Items listed in a dataset:

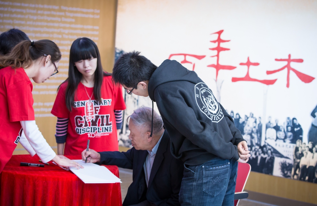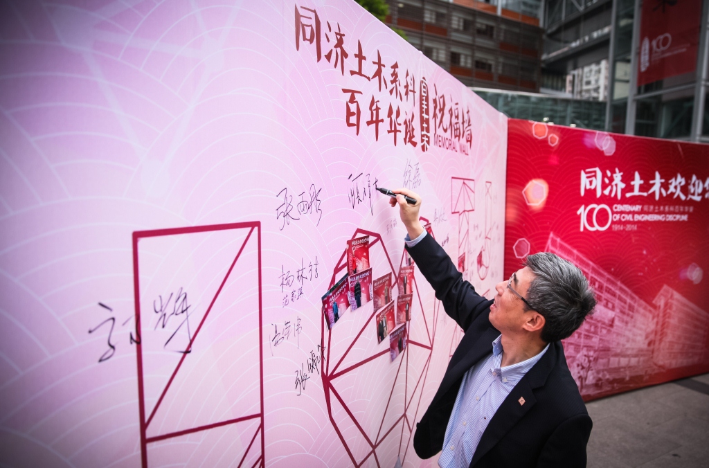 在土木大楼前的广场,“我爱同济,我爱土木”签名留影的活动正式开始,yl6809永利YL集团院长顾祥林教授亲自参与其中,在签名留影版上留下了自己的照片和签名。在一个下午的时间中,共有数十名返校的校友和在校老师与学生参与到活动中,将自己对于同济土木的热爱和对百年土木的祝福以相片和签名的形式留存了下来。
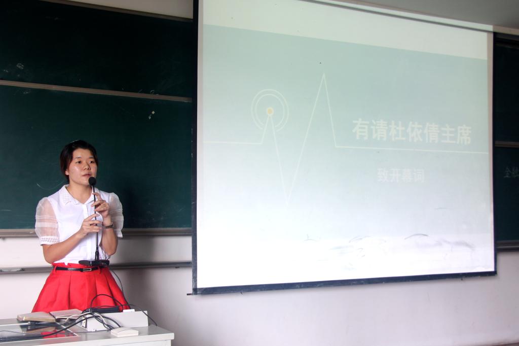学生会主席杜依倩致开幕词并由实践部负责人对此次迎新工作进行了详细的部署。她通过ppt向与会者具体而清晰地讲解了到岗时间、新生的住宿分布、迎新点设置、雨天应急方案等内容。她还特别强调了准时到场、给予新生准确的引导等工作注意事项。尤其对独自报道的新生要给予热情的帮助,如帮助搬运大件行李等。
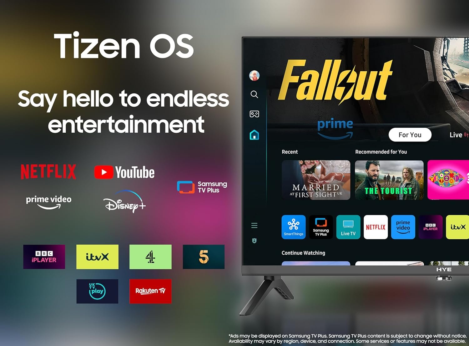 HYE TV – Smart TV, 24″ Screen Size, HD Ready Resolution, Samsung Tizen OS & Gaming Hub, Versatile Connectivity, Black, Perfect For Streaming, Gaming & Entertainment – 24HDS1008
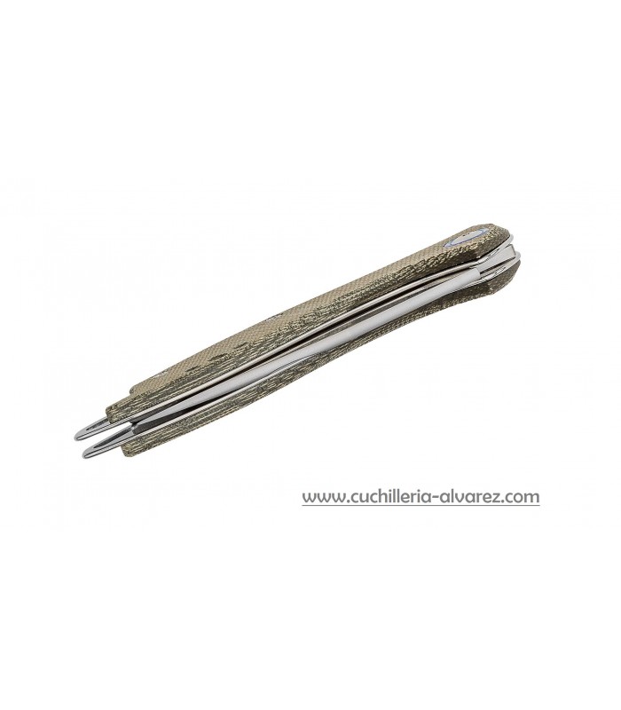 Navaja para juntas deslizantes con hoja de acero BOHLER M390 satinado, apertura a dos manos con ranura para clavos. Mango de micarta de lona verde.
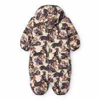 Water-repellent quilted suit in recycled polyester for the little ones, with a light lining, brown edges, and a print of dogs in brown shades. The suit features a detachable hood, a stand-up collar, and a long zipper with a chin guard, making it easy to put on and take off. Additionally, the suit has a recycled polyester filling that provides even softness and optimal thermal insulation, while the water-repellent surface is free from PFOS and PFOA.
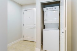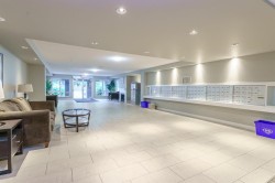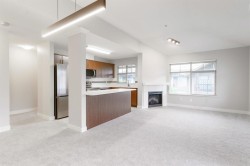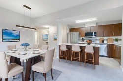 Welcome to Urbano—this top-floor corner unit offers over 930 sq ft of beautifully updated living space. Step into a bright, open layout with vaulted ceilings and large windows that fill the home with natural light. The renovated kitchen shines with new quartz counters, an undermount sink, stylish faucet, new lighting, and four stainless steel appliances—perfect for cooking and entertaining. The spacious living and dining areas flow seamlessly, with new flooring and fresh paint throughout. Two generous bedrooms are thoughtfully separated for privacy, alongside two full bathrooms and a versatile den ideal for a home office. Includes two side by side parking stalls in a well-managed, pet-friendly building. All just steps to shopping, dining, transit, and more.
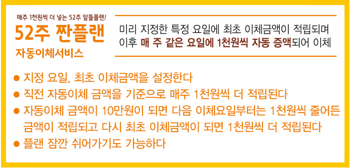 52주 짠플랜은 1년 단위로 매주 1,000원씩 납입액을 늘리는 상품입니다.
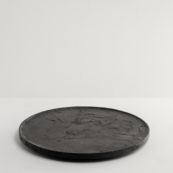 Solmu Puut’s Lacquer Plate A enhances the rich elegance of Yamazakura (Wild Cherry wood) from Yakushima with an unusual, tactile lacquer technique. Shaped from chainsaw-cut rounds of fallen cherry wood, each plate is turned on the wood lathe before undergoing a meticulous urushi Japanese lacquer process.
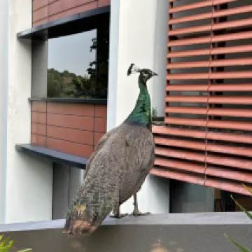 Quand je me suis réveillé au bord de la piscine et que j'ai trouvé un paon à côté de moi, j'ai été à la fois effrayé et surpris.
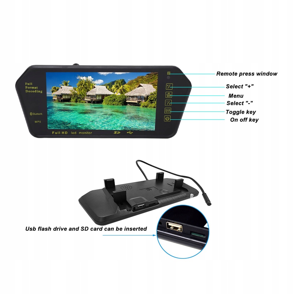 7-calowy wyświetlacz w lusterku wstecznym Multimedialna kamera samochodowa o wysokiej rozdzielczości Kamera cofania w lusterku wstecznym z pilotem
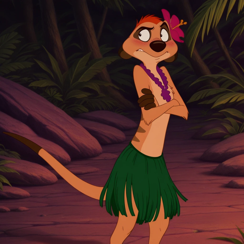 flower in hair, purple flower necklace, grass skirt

Your task: The records above are to be repeated word for word, with the pictures omitted.

Answer space:
 在土木大楼前的广场,“我爱同济,我爱土木”签名留影的活动正式开始,yl6809永利YL集团院长顾祥林教授亲自参与其中,在签名留影版上留下了自己的照片和签名。在一个下午的时间中,共有数十名返校的校友和在校老师与学生参与到活动中,将自己对于同济土木的热爱和对百年土木的祝福以相片和签名的形式留存了下来。
学生会主席杜依倩致开幕词并由实践部负责人对此次迎新工作进行了详细的部署。她通过ppt向与会者具体而清晰地讲解了到岗时间、新生的住宿分布、迎新点设置、雨天应急方案等内容。她还特别强调了准时到场、给予新生准确的引导等工作注意事项。尤其对独自报道的新生要给予热情的帮助,如帮助搬运大件行李等。
 HYE TV – Smart TV, 24″ Screen Size, HD Ready Resolution, Samsung Tizen OS & Gaming Hub, Versatile Connectivity, Black, Perfect For Streaming, Gaming & Entertainment – 24HDS1008
 Navaja para juntas deslizantes con hoja de acero BOHLER M390 satinado, apertura a dos manos con ranura para clavos. Mango de micarta de lona verde.
 Water-repellent quilted suit in recycled polyester for the little ones, with a light lining, brown edges, and a print of dogs in brown shades. The suit features a detachable hood, a stand-up collar, and a long zipper with a chin guard, making it easy to put on and take off. Additionally, the suit has a recycled polyester filling that provides even softness and optimal thermal insulation, while the water-repellent surface is free from PFOS and PFOA.
 Welcome to Urbano—this top-floor corner unit offers over 930 sq ft of beautifully updated living space. Step into a bright, open layout with vaulted ceilings and large windows that fill the home with natural light. The renovated kitchen shines with new quartz counters, an undermount sink, stylish faucet, new lighting, and four stainless steel appliances—perfect for cooking and entertaining. The spacious living and dining areas flow seamlessly, with new flooring and fresh paint throughout. Two generous bedrooms are thoughtfully separated for privacy, alongside two full bathrooms and a versatile den ideal for a home office. Includes two side by side parking stalls in a well-managed, pet-friendly building. All just steps to shopping, dining, transit, and more.
 52주 짠플랜은 1년 단위로 매주 1,000원씩 납입액을 늘리는 상품입니다.
 Solmu Puut’s Lacquer Plate A enhances the rich elegance of Yamazakura (Wild Cherry wood) from Yakushima with an unusual, tactile lacquer technique. Shaped from chainsaw-cut rounds of fallen cherry wood, each plate is turned on the wood lathe before undergoing a meticulous urushi Japanese lacquer process.
 Quand je me suis réveillé au bord de la piscine et que j'ai trouvé un paon à côté de moi, j'ai été à la fois effrayé et surpris.
 7-calowy wyświetlacz w lusterku wstecznym Multimedialna kamera samochodowa o wysokiej rozdzielczości Kamera cofania w lusterku wstecznym z pilotem
 flower in hair, purple flower necklace, grass skirt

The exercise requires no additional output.